- Origin: Newcastle upon Tyne, England
- Genres: Industrial metal Industrial rock Noise rock Alternative rock
- Years active: 1989–1994 2005–2009
- Labels: Abstract Sounds Retribution Muza Muza Saturate
- Past members: Kevin Wilkinson Simon Malarkey Antony Bircham Simon Moore Tony O'Brien Chris Clark Drew Gallon Dave Craig Andy Cooper Rob Meek Steve Chahley Mark Lough Dave Francis
- Website: drill official site

= Drill (British band) =

English rock band

Drill are an English rock band from Newcastle upon Tyne. They were formed in early 1989 and released albums on the Abstract Sounds, Retribution Records and Muza Muza labels. After splitting in 1994 they reformed in 2005 releasing a new album in 2008. The Drill project was shelved late 2009.

Drill are notable for not using a drummer and for writing industrial rock music with time signature and tempo changes within each song and for writing songs that do not follow the typical verse, chorus, bridge etc. song structures.

== History ==

===1989 - 1994===
Kev Wilkinson and Tony O'Brien started Drill in 1989. Following the success of early demos and support slots with Bomb Disneyland (later to be known as Bomb Everything) and Ride the band recorded and released the album Skin Down in 1991 on Abstract Sounds. The album was well received by the music press, with Melody Maker describing it as "a musical white knuckle ride". The line-up at this time was:

Kev Wilkinson - vocals, Guitar, Programming

Tony O'Brien - Guitar

Simon Moore - Bass guitar

Davy Craig - Guitar, E-bow

To promote the album the band was booked to tour the UK with the band Pitchshifter, however on the eve of the tour, the tour bus was involved in a serious road crash during which the tour bus overturned injuring several members of the band. On 7 September 1991, Drill supported Nine Inch Nails on their second English gig at Newcastle Riverside.

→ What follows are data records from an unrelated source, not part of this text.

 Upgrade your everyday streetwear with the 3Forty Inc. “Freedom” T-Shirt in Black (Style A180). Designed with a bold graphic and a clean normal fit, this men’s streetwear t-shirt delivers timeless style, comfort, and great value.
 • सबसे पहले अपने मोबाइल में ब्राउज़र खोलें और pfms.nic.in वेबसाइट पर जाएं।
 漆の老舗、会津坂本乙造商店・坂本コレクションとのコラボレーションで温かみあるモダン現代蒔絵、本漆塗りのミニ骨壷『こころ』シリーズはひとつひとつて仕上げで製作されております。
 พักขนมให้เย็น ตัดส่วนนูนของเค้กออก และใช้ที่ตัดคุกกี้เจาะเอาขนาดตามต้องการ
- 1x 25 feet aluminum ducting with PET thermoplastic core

Davy Craig left the band due to lack of touring, and was replaced by Andy Cooper before the band recorded and released the album White Finger in 1992 again on Abstract Sounds. For one track on the album The sound of rock, they were joined by guest drummer Gary Binns and Chris McCormack from the band Forgodsake. Chris McCormack later went on to form 3 Colours Red.

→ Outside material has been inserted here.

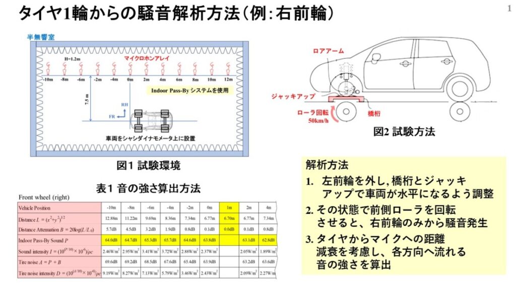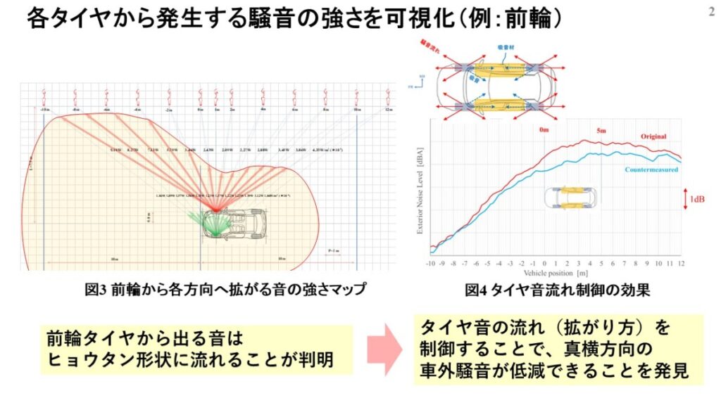 【タイヤ騒音評価】「車外騒音規制が厳しくなる中、タイヤ騒音をボデー側でも対策するニーズが生じている。 対策検討のため、まず音がタイヤのどこからどのように拡がって車外騒音になるのかを解析した。その結果、1つのタイヤから音が「ヒョウタン」形状で前後方向に波及することを発見した。また、前輪・後輪の音の拡がりを制御することで車両横方向に拡がるタイヤ騒音を低減できることを見出した」 |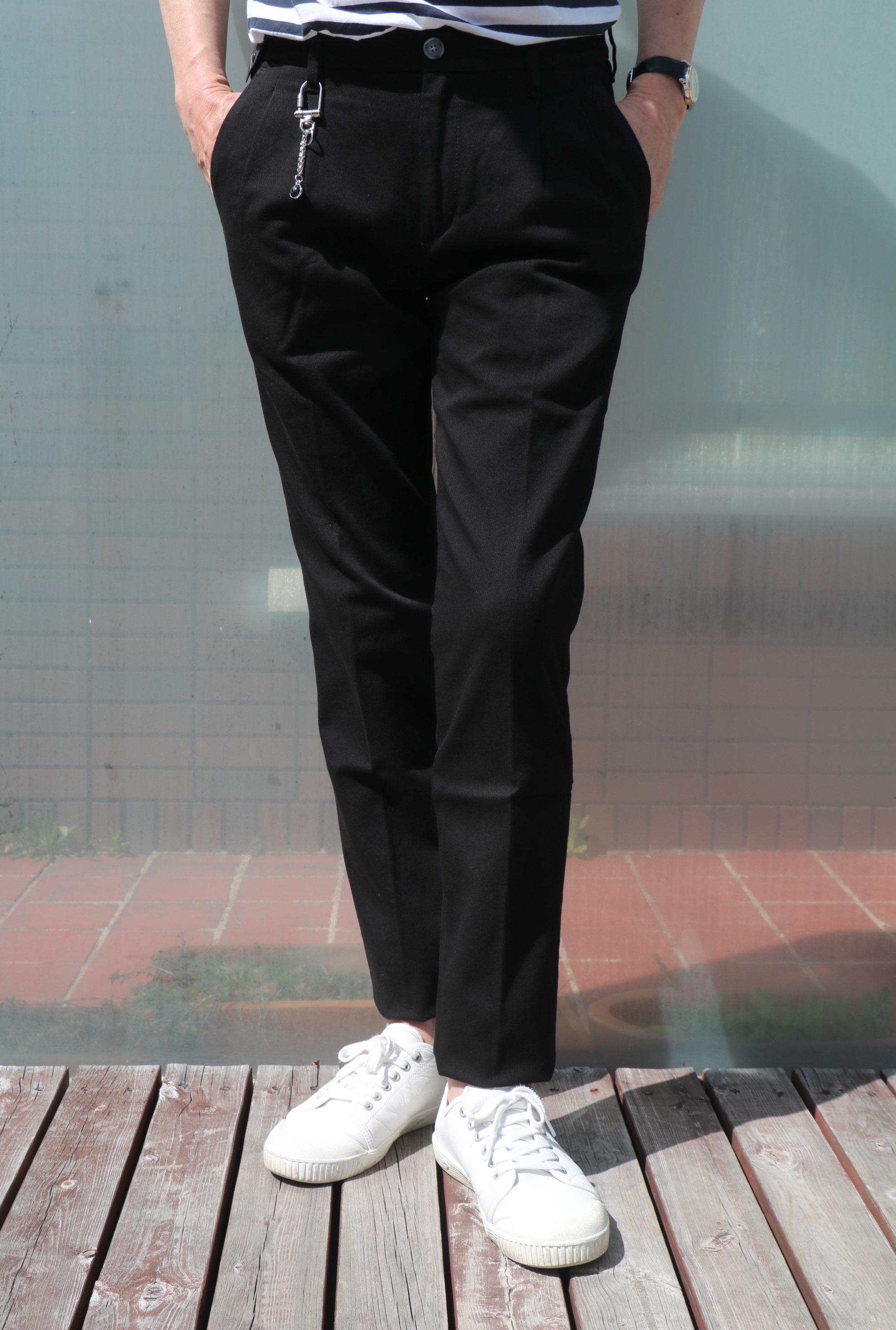 MODEL:コットンストレッチ ブラックパンツ

The White Finger album saw the band use sampling and move towards a more electronic sound. Again favorably received, it was described by The Guardian as sounding like "Freddy Krueger stalking around Tyneside in a thick fog".

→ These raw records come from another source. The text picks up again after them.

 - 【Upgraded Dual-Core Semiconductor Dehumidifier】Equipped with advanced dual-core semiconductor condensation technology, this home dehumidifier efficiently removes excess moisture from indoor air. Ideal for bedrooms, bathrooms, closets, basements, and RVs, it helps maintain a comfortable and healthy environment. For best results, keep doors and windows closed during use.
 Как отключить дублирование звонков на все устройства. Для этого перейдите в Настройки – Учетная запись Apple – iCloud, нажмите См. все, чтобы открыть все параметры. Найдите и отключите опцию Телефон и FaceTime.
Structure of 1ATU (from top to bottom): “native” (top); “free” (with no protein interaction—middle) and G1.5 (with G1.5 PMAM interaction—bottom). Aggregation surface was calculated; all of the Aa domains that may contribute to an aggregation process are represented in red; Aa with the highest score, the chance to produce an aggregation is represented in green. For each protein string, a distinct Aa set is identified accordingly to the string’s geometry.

The band released the album Paroxysm on Retribution Records in 1993 and the live album Snuffed on Muza Muza in 1994. The line-up of the band for these albums was:

Kev Wilkinson - vocals, Guitar, Programming

Tony O'Brien - Guitar

Simon Moore - Bass guitar

Rob Meek - Samples

Steve Chahley - Samples/FX

In 1994 the band ceased.

=== 2005 - 2009 ===
In 2005 the band reformed with original members:

Kev Wilkinson - vocals, Guitar, Programming

Tony O'Brien - Guitar

Si Malarkey - Bass guitar

Simon Moore - Bass guitar

Antony Bircham - Guitar

They were joined briefly on drums by Mark Lough from Hug Lorenzo, however due to conflicting commitments he left and the band went back to using sequenced drum patterns.

In 2007 Tony O'Brien left the band to be replaced briefly by Dave Francis.

In 2008 the band released the single Pitmanic and album The Last Taboo of America on Saturate with the line up:

Kev Wilkinson - vocals, Guitar, Programming

Simon Malarkey - Bass guitar

Antony Bircham - Guitar

Simon Moore - Bass guitar

Davy Craig returned briefly and played guitar on Pitmanic but left due to ill health.

Andy Cooper rejoined the band shortly before the Drill project was shelved in 2009.

==Discography==
- Skin Down (1991 on Abstract Sounds)
- White Finger (1992 on Abstract Sounds)
- Paroxysm (1993 on Retribution Records)
- Snuffed (1994 on Muza Muza)
- Pitmanic (2008 on Saturate)
- The Last Taboo of America (2008 on Saturate)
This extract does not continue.